1. Reinforcement Learning
Official RL Frameworks
| Framework | Repository | Base Library | Sim Engine | G1 Support | Tier |
|---|---|---|---|---|---|
| unitree_rl_gym | unitreerobotics/unitree_rl_gym | legged_gym + rsl_rl | Isaac Gym | Yes | T0 |
| unitree_rl_lab | unitreerobotics/unitree_rl_lab | Isaac Lab | Isaac Lab | G1-29dof | T0 |
unitree_rl_gym — Complete RL Pipeline
The primary framework for training locomotion policies: [T0]

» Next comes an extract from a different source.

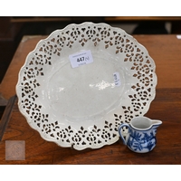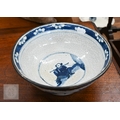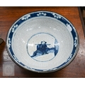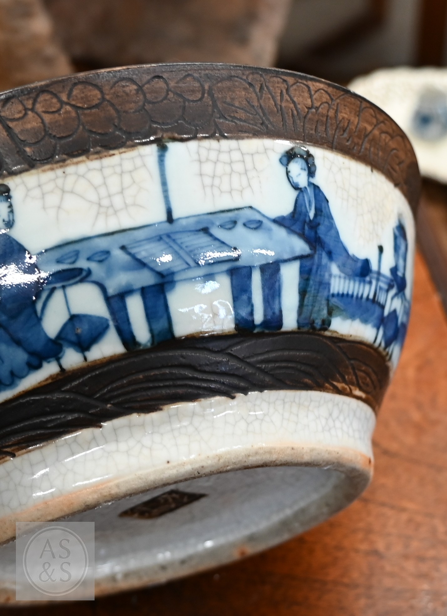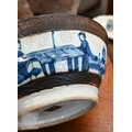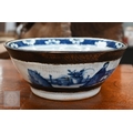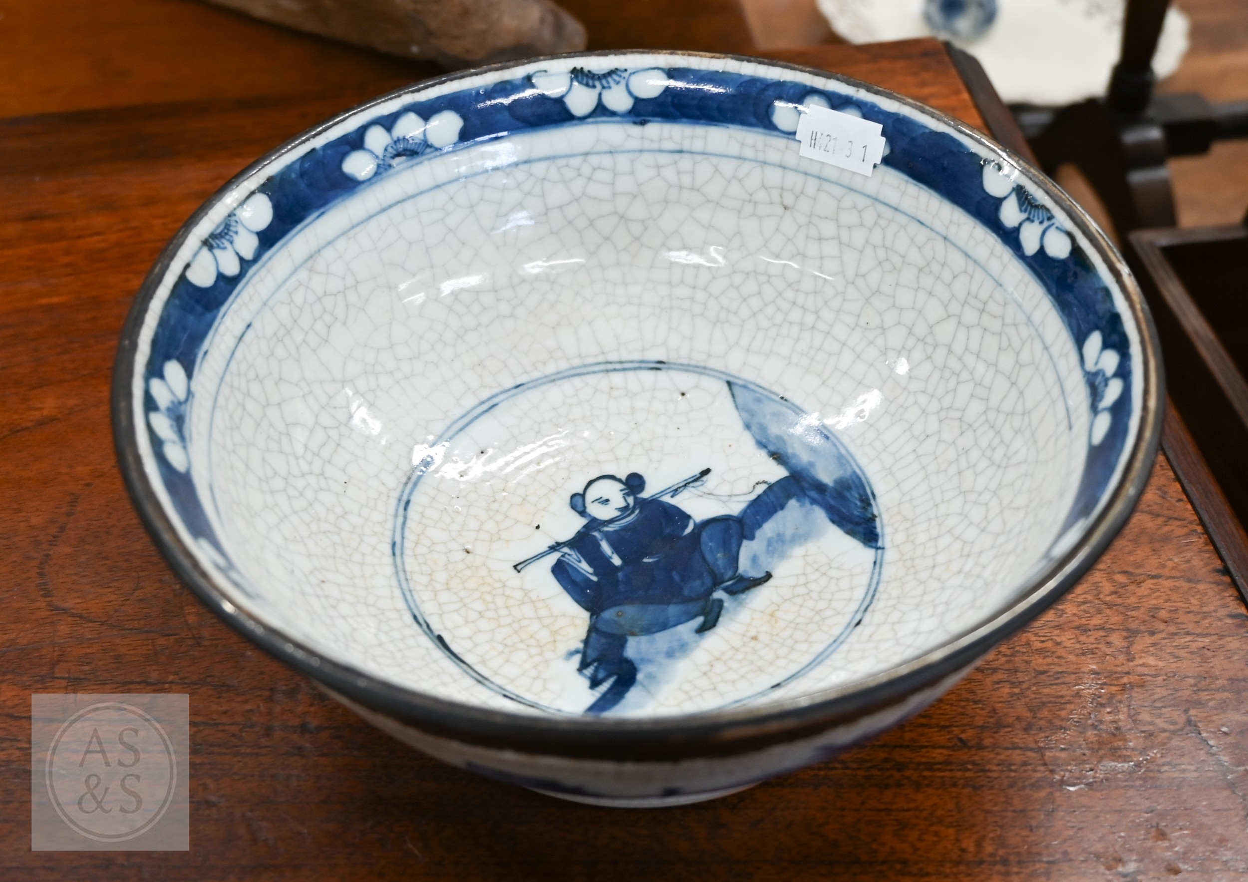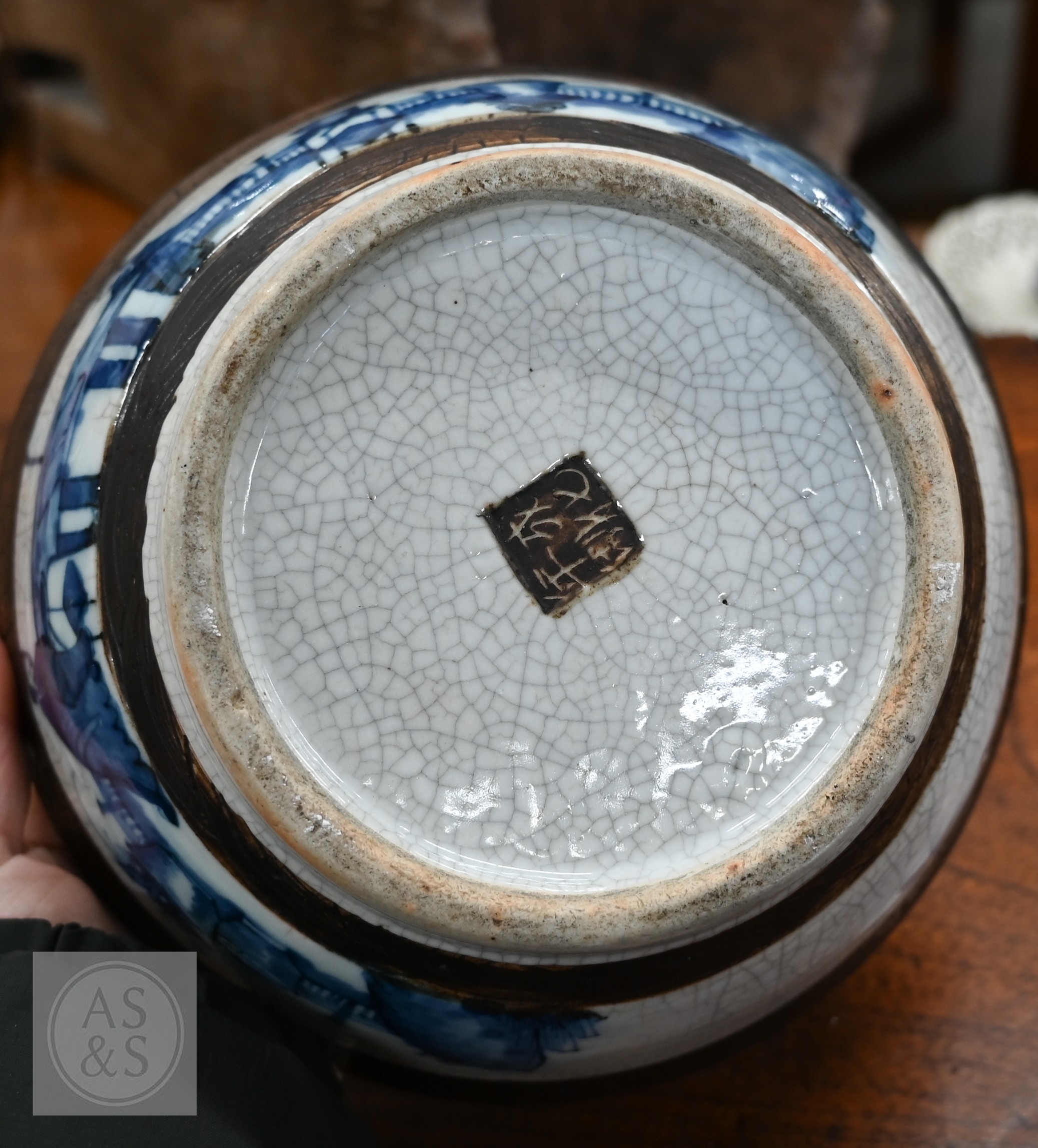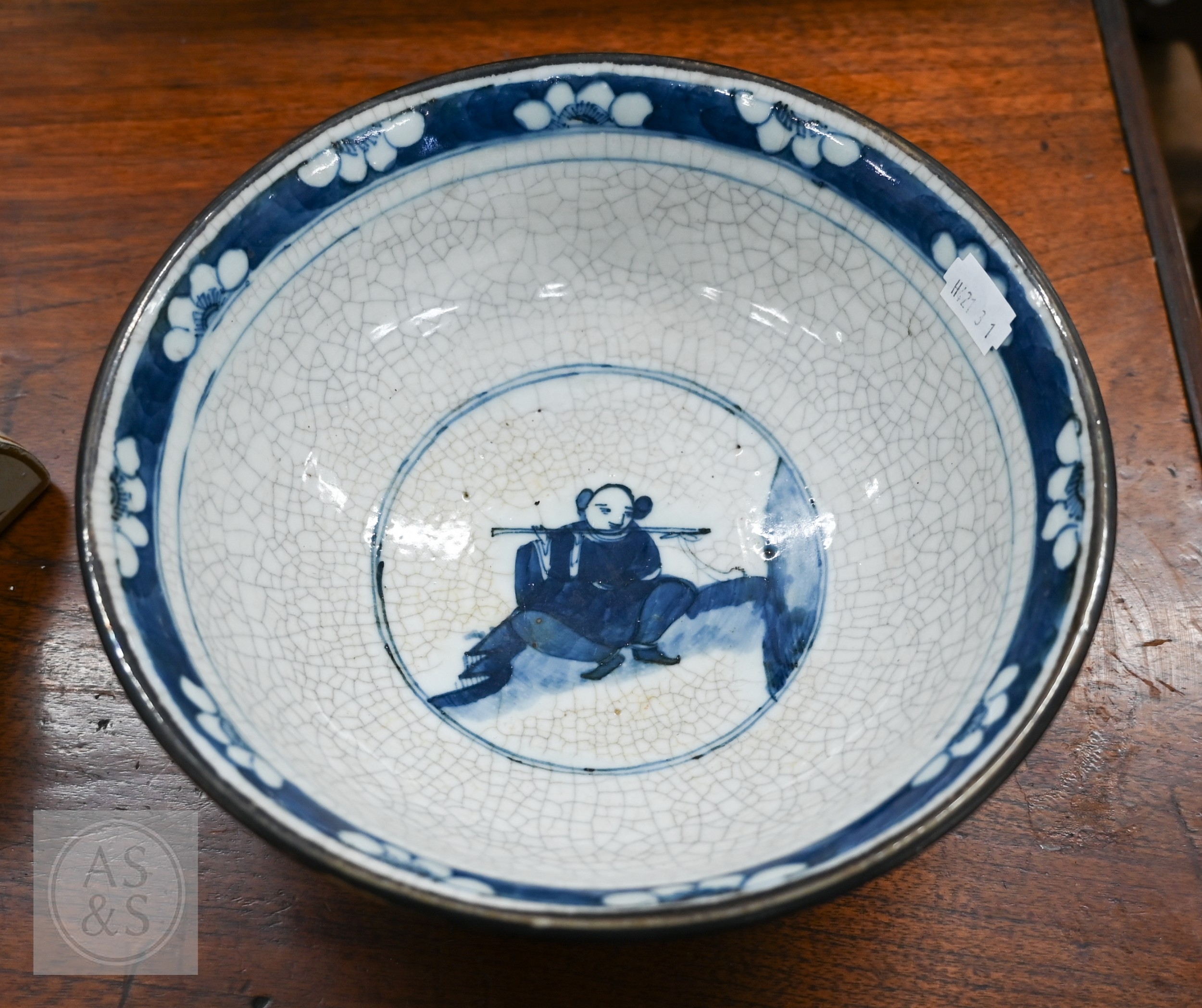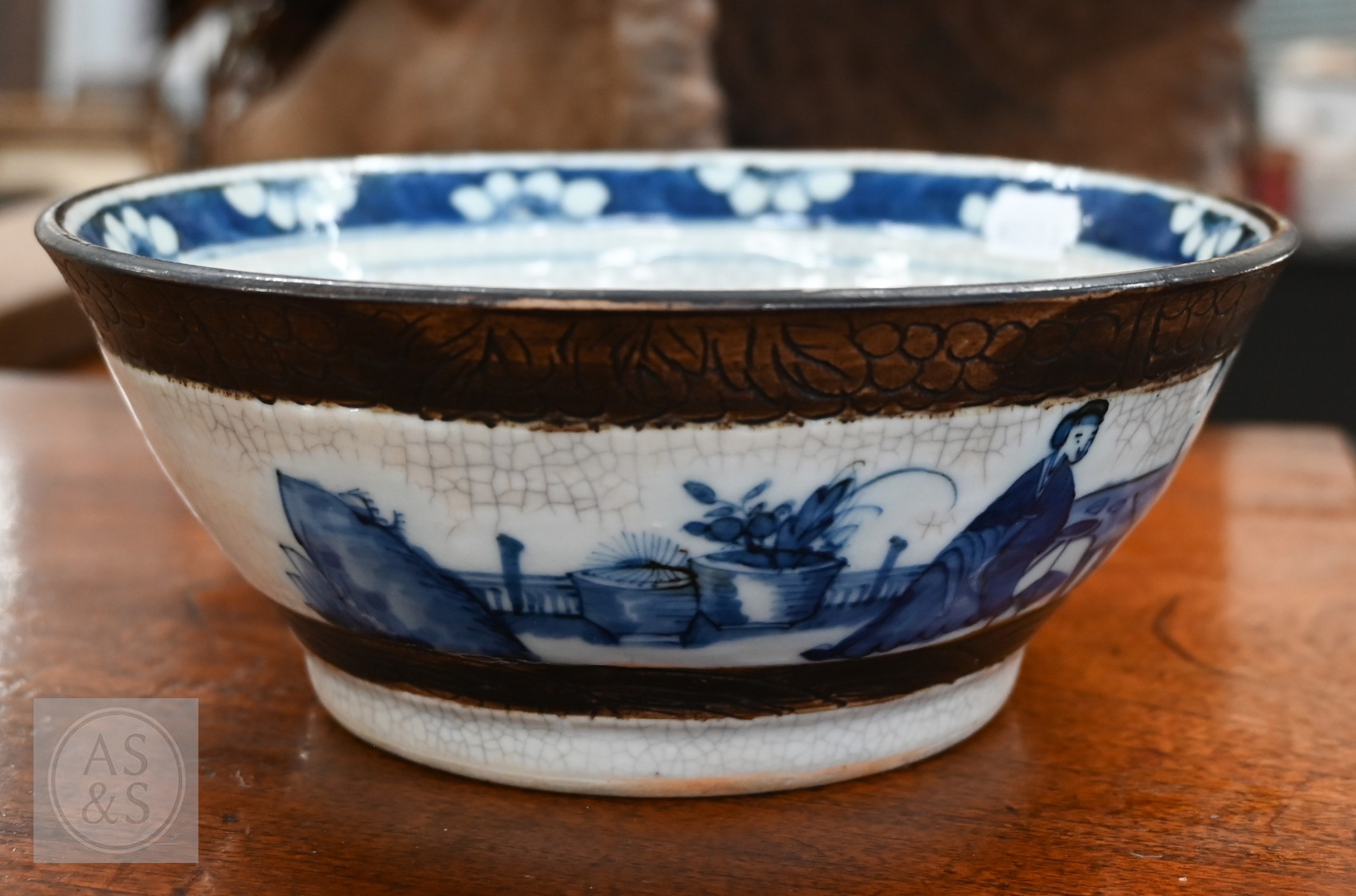 A Chinese crackle-glazed bowl, painted with blue and white figures within burnt biscuit bands, 23 cm diameter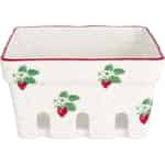 Forestil dig en solbeskinnet morgen, hvor duften af en sommerhave driver ind ad vinduet. Med Berry White-frugtskålen kan du holde fast i den følelse hele året rundt. GreenGate har på smukkeste vis genfortolket den ydmyge bærkurv i keramik af høj kvalitet og skabt et stykke, der er både vidunderligt nostalgisk og uendeligt praktisk. Det fine mønster af modne jordbær, hvide blomster og friske grønne blade er spredt ud over den råhvide glasur og vækker minder om skovture og hjemmelavet marmelade.

- Supported robots: Go2, H1, H1_2, G1
- Algorithm: PPO (via rsl_rl)
- Training: Parallel environments, GPU/CPU device selection, checkpoint management
- Pipeline: Train → Play → Sim2Sim (MuJoCo validation) → Sim2Real (unitree_sdk2_python)
- Deployment: Python scripts and C++ binaries with network interface configuration
unitree_rl_lab — Isaac Lab Integration
Advanced RL training on NVIDIA Isaac Lab: [T0]
- Supported robots: Go2, H1, G1-29dof
- Simulation backends: Isaac Lab (NVIDIA) and MuJoCo (cross-sim validation)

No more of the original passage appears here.